The bedrock of this effort is the network, Army leaders have said. The fundamental challenge ahead for realizing MDO is to stitch together the Army’s resources and capabilities — from soldiers and tanks to software and fires — via the unified network, from cloud to edge. But the unified network also must be secured and resilient against highly capable near-peer cyber adversaries, and network operators can’t secure assets or mitigate threats against them if they don’t have visibility across the network.

Enter Peraton and its current effort to develop unified network operations capabilities, which will provide “a visualization of [the Army’s] networks and its security from the battlefield up into Army Cyber [Command],” Napper said.

The work was awarded to Peraton’s applied research organization, Peraton Labs, about a month and a half ago as a task order under a General Services Administration OASIS (One Acquisition for Integrated Services) contract, Napper said. The project is part of Peraton’s broader, ongoing $905 million program supporting cyberspace operations for Army Cyber Command. The company said it has increased total revenue from $1 billion to $7 billion in the last year alone.
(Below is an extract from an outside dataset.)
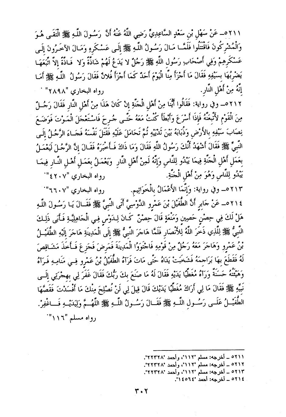 5212 - وفي رواية قالوا: أينا من أهل الجنة إن كان هذا من أهل النار فقال رجل من القوم: أنا صاحبه أبدًا، فخرج معه كلما وقَفَ وقَفَ معه، وإذا أسرع أَسرع معه، قال فجرح الرجل جرحًا شديد، فاستعجل الموت، فوضع سيفه بالأرض وذبابه بين ثدييه ثم تحامل على سيفه فقتل نفسه، فخرج الرجل إلى النبي - صلى الله عليه وسلم - فقال: أشهد أنك رسول الله فقال: ((وما ذاك)) قال: الرجل الذي ذكرت آنفًا أنه من أهل النار فأعظم الناس ذلك، فقلت أنا لكم به، فخرجت في طلبه حتى جرح جرحًا شديدًا فاستعجل الموت فوضع نصل سيفه بالأرض وذبابه بين ثدييه ثم تحامل عليه فقتل نفسه فقال النبي - صلى الله عليه وسلم - عند ذلك: ((إن الرجل ليعمل عمل أهل الجنة فيما يبدوا للناس وهو من أهل النار)) (¬1).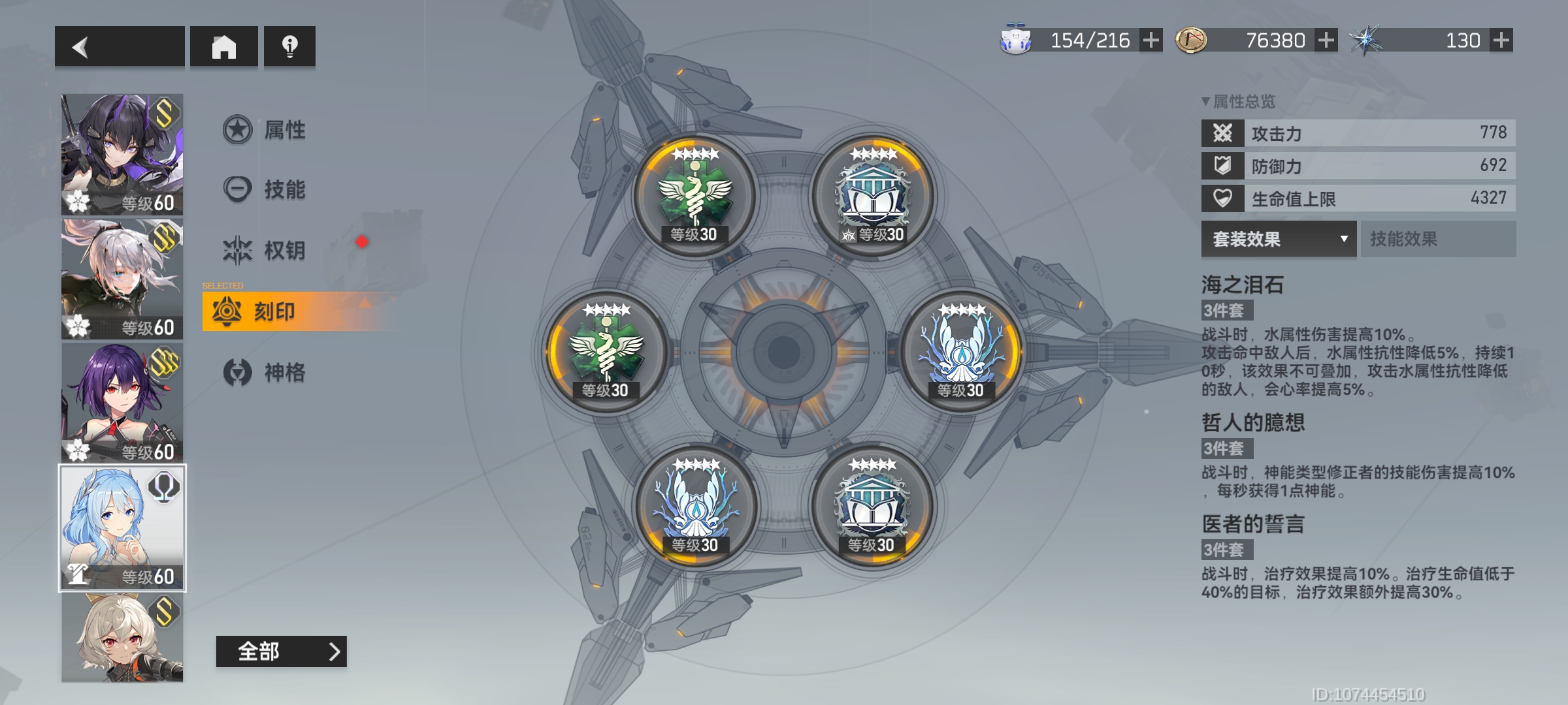 于是具体的刻印搭配就是12医者35海泪46哲人

“This is a hard problem, so it’s not going to go to a [product] vendor. It’s going to go to a lab with really smart folks,” Napper said, pointing to what she said were scores of Peraton Labs employees who hold both security clearances and doctorates.

Napper likened the capabilities being developed to what are commonly found in network operations centers and security operations centers. In the commercial world, organizations may have a NOC but not a SOC or vice versa. Not so in the military.

“In the DoD, we can’t afford for [the NOC and SOC] to be separate,” Napper noted. “It has to be in the same place at the same time to understand what’s really going on in the network. Is it an outage of a piece of equipment or an adversary interfering? You have to know that in near real time.”

The crux of the Army’s unified network challenge, like that facing all the services and the DoD more broadly as it builds out the Joint All Domain Command and Control (JADC2) concept, is integration.

And the task before Peraton is hardly a simple one. Networks are complex systems, which means complexity doesn’t increase linearly as networks get larger. As networks expand, complexity scales exponentially, including the task of managing all the data generated by disparate sensors and feeds.

Security analysts who work in SOCs have long complained about “alert fatigue” due to the increasing volume of data that must be analyzed, prioritized, and acted upon. One particular pain point for human analysts is sorting real threats from false positives amid a never-ending deluge of data. This is a problem artificial intelligence, machine learning, and automation are ideal for helping to solve, if scientists and technologists can get it right.

“You cannot [defend the network] without a really good understanding of the data and doing all the things that have to be done by the smart data scientists and then use machine learning to get smarter every time,” Napper observed. “So long term, when you start getting all that information in one place, you can train your machines. The machines will learn and then you can have them make the decisions on that 90% of the alerts. Go fix it. Automate it. And then maybe someday 95% or 99% and then you only have the people act on the things way at the top.”

A key piece to making this artificial intelligence-machine learning-automation use case effective is to use data to establish baselines for what is normal and then focus on flagging and investigating anomalies. This is why anomalous behavior detection is a key capability in zero-trust architectures.

But, ultimately, there is no single product, tool, or capability that will provide unified network operations or zero-trust security.

“There’s no tool that’s going to save the world, so we’re working on integrating the tools that work best for the networks that [the Army has] into one single pane of glass,” Napper said. “If there’s one thing DoD and industry have done, it’s try a whole bunch of different tools over the last 10 to 12 years. What we have to do now is string them all together to show which ones work best for the capabilities the Army needs today and divest the ones that they don’t need.”